What you are asked to do
From the data below, set down exactly the lines between the one holding "Lady And Mushrooms" and the one holding "我是第二次参与到戈壁挑战赛中", inclusive, and no others.

Exercise material
"""

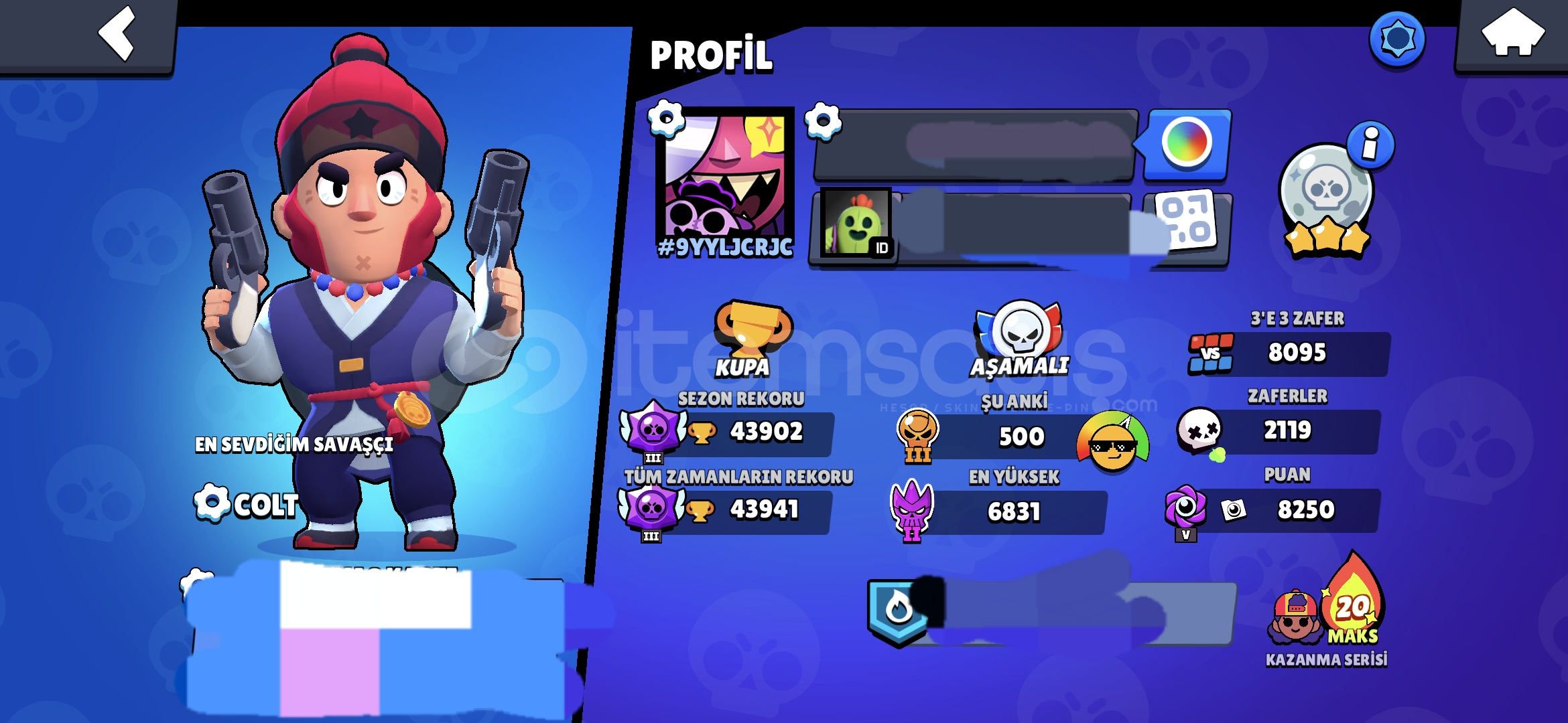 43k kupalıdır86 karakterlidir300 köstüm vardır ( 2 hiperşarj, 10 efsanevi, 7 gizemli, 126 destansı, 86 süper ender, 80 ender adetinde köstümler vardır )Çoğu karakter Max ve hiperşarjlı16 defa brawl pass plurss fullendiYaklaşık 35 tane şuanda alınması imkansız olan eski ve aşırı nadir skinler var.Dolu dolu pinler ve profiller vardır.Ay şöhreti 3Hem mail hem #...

"""
"""

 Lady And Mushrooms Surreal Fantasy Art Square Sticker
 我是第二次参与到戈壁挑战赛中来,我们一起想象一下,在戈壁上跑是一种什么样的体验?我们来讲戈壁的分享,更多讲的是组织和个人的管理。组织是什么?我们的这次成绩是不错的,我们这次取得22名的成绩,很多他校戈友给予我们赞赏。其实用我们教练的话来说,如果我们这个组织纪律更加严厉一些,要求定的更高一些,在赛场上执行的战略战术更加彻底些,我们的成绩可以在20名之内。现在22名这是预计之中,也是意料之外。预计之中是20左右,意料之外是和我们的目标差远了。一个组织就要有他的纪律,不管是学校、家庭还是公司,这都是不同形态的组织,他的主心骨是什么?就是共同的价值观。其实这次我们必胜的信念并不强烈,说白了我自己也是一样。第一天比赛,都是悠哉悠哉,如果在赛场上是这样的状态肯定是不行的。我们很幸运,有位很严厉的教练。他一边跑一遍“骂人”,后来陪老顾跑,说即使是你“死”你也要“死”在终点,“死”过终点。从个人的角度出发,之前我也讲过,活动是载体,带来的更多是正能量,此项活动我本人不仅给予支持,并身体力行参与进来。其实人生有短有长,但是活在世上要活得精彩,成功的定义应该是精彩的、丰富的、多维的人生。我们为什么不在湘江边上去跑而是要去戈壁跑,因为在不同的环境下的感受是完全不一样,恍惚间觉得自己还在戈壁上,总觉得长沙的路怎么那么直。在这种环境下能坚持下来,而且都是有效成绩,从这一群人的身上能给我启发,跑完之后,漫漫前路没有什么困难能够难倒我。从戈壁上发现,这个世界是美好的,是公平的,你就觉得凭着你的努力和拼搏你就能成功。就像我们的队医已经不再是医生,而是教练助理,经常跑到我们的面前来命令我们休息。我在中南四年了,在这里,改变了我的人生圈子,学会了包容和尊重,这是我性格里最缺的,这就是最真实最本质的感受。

"""

Answer to this problem
 Lady And Mushrooms Surreal Fantasy Art Square Sticker
 我是第二次参与到戈壁挑战赛中来,我们一起想象一下,在戈壁上跑是一种什么样的体验?我们来讲戈壁的分享,更多讲的是组织和个人的管理。组织是什么?我们的这次成绩是不错的,我们这次取得22名的成绩,很多他校戈友给予我们赞赏。其实用我们教练的话来说,如果我们这个组织纪律更加严厉一些,要求定的更高一些,在赛场上执行的战略战术更加彻底些,我们的成绩可以在20名之内。现在22名这是预计之中,也是意料之外。预计之中是20左右,意料之外是和我们的目标差远了。一个组织就要有他的纪律,不管是学校、家庭还是公司,这都是不同形态的组织,他的主心骨是什么?就是共同的价值观。其实这次我们必胜的信念并不强烈,说白了我自己也是一样。第一天比赛,都是悠哉悠哉,如果在赛场上是这样的状态肯定是不行的。我们很幸运,有位很严厉的教练。他一边跑一遍“骂人”,后来陪老顾跑,说即使是你“死”你也要“死”在终点,“死”过终点。从个人的角度出发,之前我也讲过,活动是载体,带来的更多是正能量,此项活动我本人不仅给予支持,并身体力行参与进来。其实人生有短有长,但是活在世上要活得精彩,成功的定义应该是精彩的、丰富的、多维的人生。我们为什么不在湘江边上去跑而是要去戈壁跑,因为在不同的环境下的感受是完全不一样,恍惚间觉得自己还在戈壁上,总觉得长沙的路怎么那么直。在这种环境下能坚持下来,而且都是有效成绩,从这一群人的身上能给我启发,跑完之后,漫漫前路没有什么困难能够难倒我。从戈壁上发现,这个世界是美好的,是公平的,你就觉得凭着你的努力和拼搏你就能成功。就像我们的队医已经不再是医生,而是教练助理,经常跑到我们的面前来命令我们休息。我在中南四年了,在这里,改变了我的人生圈子,学会了包容和尊重,这是我性格里最缺的,这就是最真实最本质的感受。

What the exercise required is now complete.